Authors: Mae Ronan
She screamed as Vaya clicked the ribs back into place. Vaya clapped a hand over her mouth to quiet her. But really this was not at all necessary; for in an instant she was overtaken by a powerful drowsiness that came to settle over her flushed and heated skin, till once again it grew cold. Still her chest ached, and her heart throbbed, but the bones trembled no more. Her breath came in ragged gasps, as Vaya came to lie beside her. She slipped an arm under Anna’s head, and Anna turned, almost unwittingly, to nestle her face down into Vaya’s silken cloak. The pain was subsiding. Now there was only a great, gaping quiet, which filled her with ice, and was not vanquished by the thick covers which Vaya drew over her. It was the cold that only the Lumaria know: the ironic, universally-comical cold of Hell. She lay silent, as Vaya ripped a strip of cloth from the sheet, and wrapped it round her bleeding hand.
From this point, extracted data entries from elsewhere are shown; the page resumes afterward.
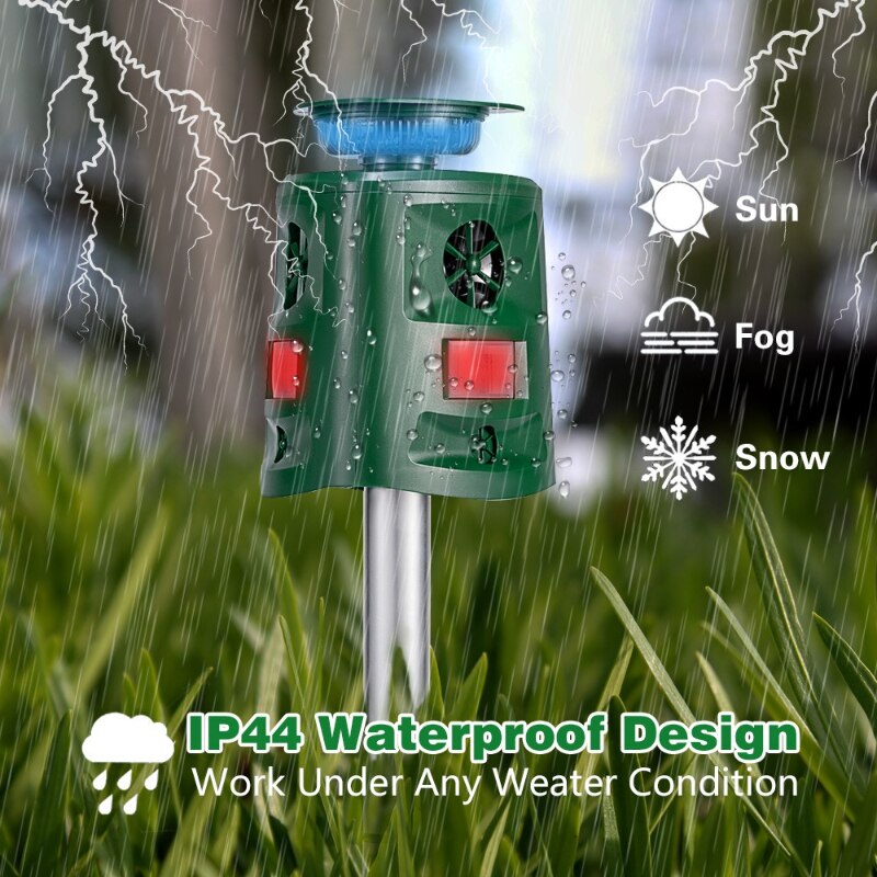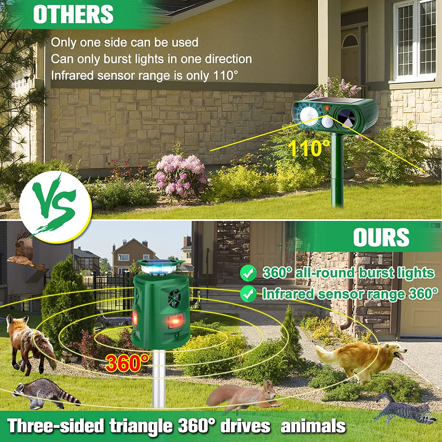Sustainable and Effective Solar Powered Animal Repeller: Having trouble with animals destroying your home or garden? This outdoor animal purification system is safe for both pets and the environment. Using ultrasonic waves that are audible only to animals, it provides an eco-friendly solution powered by sunlight. The built-in motion sensor ensures the safety of both your loved ones and nature.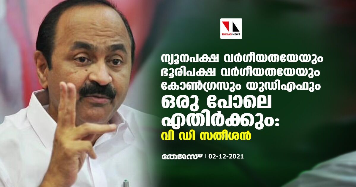 ന്യൂനപക്ഷ വര്ഗീയതയേയും ഭൂരിപക്ഷ വര്ഗീയതയേയും കോണ്ഗ്രസും യുഡിഎഫും ഒരു പോലെ എതിര്ക്കും: വി ഡി സതീശൻ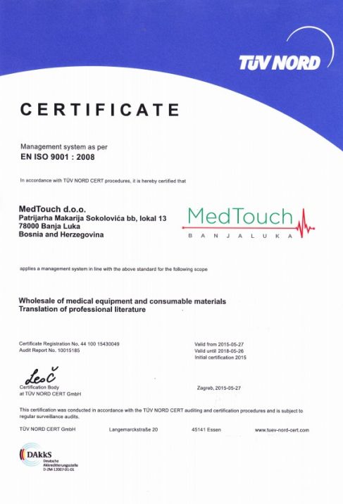 MedTouch d.o.o. je specijalizovana firma za veleprodaju medicinskih sredstava i profesionalne opreme za fizikalnu terapiju, rehabilitaciju, fitness i spa. Od 2011. godine, naše iskustvo i stručnost nas čine pouzdanim partnerom za institucije koje zahtijevaju vrhunsku opremu. Naši proizvodi su sertifikovanog evropskog porijekla, garantujući kvalitet i sigurnost. Generalni smo zastupnici i distributeri za renomirane svjetske firme kao što su Derma Art, Chinesport, Chirana Progress, Rimec, PHYSIOMED, EF Medica, Proxima, Thera-Band, MVS, Gima, Velebit, EMF Furlan&Co, Nelit M.T, Wesco, Ropimex, Enim, Novafon, Ewac i mnoge druge. Do sada smo opremili brojne ustanove, uključujući Zavod za fizikalnu medicinu i rehabilitaciju dr Miroslav Zotović, JZU Banja Ilidža Gradačac, Specijalnu bolnicu – Banja Mlječanica, Privatnu ordinaciju za fizikalnu terapiju i rehabilitaciju MHS, ZU Deamedica i mnoge druge.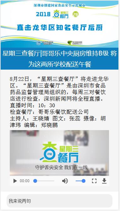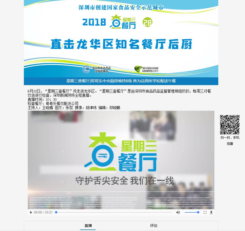 “星期三查餐廳”節(jié)目組采用深圳新聞網(wǎng)直播平臺,記者使用手機或攝像機進行拍攝,照片、直播視頻、文本內容等回傳后方編輯,編輯在直播平臺上進行內容整理,將執(zhí)法行動全程進行視頻+圖文全程直播。網(wǎng)友無需下載任何客戶端,可通過Internet直接在PC、移動客戶端等設備上實時觀看執(zhí)法過程,并能在線對直播內容進行評論。

“So cold,” she murmured. “Always so cold . . .”
Vaya took Anna more tightly in her arms, and lowered her face to kiss her neck. There was cold perspiration running all down Anna’s face, like melted bits of a vanished glacier, dripping and staining the folds of Vaya’s cloak. Vaya put a hand to her face, and kissed her lips. Anna pressed herself nearer to Vaya, till the skin of their chests touched, and the pounding of her heart seemed to shake Vaya’s very foundations. Vaya kissed her more deeply; but here Anna’s breath caught, as again the feel of the air changed round her, and Vaya’s skin beneath her fingertips grew all of a sudden exceptionally cold. She started backwards, looking down at her hands, which appeared presently not as hands of wax, not as the lifeless instruments they had always seemed to be – but rather as hands of flesh. They were covered in black, wiry hairs.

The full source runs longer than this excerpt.